I feel for those legitimately attending or having successfully graduated from the University, otherwise, the hysteria is simply great comic relief for the rest of "us." It's football, and if watching OU football is your life, certainly to the point of making death threats, it's time to re-evaluate some things...

It's not "life." But do some of us feel that something which we care about was wronged? Sure.

Things that are wrong, corrupt, etc. usually get my attention. This event is an example of such a thing.

No, I have no degrees from OU. I have one from UCO, and am now pursuing a J.D. at OCU. Attending the University of Oklahoma was never something I got around to. I guess that you can count me among the 'white trash' contingent who never attended OU...

I was raised on a steady diet of OU football. My father has two degrees from there, and he took me to every game for several years as a child. For what it's worth, I also keep track of the UCO football team (who is piddling along at 1-2) and attend those games when I can get away for them.

As for Oklahoma State? I have no connection other than that one of my younger brothers is an alumnus. I've gone down there for fraternity related stuff (partying, etc.), but I've never really followed their athletics.
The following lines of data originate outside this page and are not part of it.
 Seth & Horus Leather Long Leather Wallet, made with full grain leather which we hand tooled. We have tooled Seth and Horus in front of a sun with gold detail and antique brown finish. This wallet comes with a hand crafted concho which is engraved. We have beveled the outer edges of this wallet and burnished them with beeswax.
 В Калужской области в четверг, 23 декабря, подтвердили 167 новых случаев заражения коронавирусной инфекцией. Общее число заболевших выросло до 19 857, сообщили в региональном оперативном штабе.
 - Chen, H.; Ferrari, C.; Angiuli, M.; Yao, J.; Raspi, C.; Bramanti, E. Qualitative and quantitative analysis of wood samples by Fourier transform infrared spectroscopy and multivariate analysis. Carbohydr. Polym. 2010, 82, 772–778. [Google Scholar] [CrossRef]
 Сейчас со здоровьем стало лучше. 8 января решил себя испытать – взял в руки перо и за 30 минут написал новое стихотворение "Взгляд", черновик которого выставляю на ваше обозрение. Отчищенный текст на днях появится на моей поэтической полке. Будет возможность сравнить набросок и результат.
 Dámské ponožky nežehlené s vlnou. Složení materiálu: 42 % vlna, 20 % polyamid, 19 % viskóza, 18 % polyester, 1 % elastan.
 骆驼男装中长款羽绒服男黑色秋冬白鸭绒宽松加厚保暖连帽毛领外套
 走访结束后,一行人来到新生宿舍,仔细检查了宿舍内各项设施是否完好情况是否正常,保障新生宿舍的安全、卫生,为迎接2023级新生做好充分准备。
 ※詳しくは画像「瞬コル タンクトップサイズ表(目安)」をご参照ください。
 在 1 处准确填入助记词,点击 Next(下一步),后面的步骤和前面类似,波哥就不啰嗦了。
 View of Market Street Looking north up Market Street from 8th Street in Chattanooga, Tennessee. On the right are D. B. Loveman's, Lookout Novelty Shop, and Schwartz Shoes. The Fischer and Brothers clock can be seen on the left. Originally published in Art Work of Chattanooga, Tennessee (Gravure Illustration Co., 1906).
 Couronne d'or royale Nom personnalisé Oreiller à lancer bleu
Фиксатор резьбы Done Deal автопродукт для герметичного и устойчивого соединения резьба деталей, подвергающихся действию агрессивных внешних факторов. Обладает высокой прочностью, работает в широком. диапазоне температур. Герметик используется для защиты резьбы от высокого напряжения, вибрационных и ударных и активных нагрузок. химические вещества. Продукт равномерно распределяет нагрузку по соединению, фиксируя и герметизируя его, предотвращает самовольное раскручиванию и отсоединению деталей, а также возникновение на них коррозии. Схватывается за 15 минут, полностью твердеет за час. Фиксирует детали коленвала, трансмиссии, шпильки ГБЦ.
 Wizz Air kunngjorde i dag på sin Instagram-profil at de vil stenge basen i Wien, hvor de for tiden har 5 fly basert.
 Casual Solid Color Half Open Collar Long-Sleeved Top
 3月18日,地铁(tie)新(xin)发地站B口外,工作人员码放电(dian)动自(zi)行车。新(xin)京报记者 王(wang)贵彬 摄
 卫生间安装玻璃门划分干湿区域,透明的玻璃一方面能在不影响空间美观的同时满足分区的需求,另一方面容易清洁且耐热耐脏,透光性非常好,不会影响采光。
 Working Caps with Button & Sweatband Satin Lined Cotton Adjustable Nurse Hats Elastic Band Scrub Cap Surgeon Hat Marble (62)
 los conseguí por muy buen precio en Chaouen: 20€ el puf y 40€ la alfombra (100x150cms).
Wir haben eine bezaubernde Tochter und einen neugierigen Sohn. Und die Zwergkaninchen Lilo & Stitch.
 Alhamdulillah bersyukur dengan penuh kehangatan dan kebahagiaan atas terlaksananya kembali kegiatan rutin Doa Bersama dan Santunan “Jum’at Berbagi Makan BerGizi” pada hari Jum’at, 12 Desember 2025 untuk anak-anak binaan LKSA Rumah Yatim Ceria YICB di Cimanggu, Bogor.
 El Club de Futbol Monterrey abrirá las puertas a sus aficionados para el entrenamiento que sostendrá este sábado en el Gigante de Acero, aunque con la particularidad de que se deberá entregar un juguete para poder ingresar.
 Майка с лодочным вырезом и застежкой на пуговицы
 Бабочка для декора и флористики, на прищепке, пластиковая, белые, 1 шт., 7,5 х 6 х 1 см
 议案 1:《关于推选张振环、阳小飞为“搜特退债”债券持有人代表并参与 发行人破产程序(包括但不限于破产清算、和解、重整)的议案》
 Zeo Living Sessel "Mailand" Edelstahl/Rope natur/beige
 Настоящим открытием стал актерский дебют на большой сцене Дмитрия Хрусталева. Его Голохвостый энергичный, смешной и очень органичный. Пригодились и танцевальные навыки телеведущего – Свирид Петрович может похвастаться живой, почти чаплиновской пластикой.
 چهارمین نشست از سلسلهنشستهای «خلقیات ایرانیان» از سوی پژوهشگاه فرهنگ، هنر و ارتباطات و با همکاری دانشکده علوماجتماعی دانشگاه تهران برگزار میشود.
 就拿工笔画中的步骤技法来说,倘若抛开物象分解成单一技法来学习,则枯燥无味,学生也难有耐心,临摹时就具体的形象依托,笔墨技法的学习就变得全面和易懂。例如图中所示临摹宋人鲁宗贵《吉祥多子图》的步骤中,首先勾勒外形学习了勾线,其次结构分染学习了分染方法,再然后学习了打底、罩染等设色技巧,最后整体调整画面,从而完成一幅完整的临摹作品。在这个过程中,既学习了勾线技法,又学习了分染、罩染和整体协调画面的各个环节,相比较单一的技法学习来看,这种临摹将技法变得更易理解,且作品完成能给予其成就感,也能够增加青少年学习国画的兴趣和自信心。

I can say I pull for Oklahoma State in their athletics and academics. They represent this state well an a national level with their stunningly high number of NCAA and Big XII championships in non-football sports. They are also an excellent school as far as academics go. My hat is off to them.

My relationship with the schools and their teams is just vastly different. I, like many OU fans have established my relationship with their athletic program through means which I consider to be just as valid as having the OU sheepskin on my wall. It could have just as easily been Oklahoma State, but my father didn't go there, and he didn't take me to those games.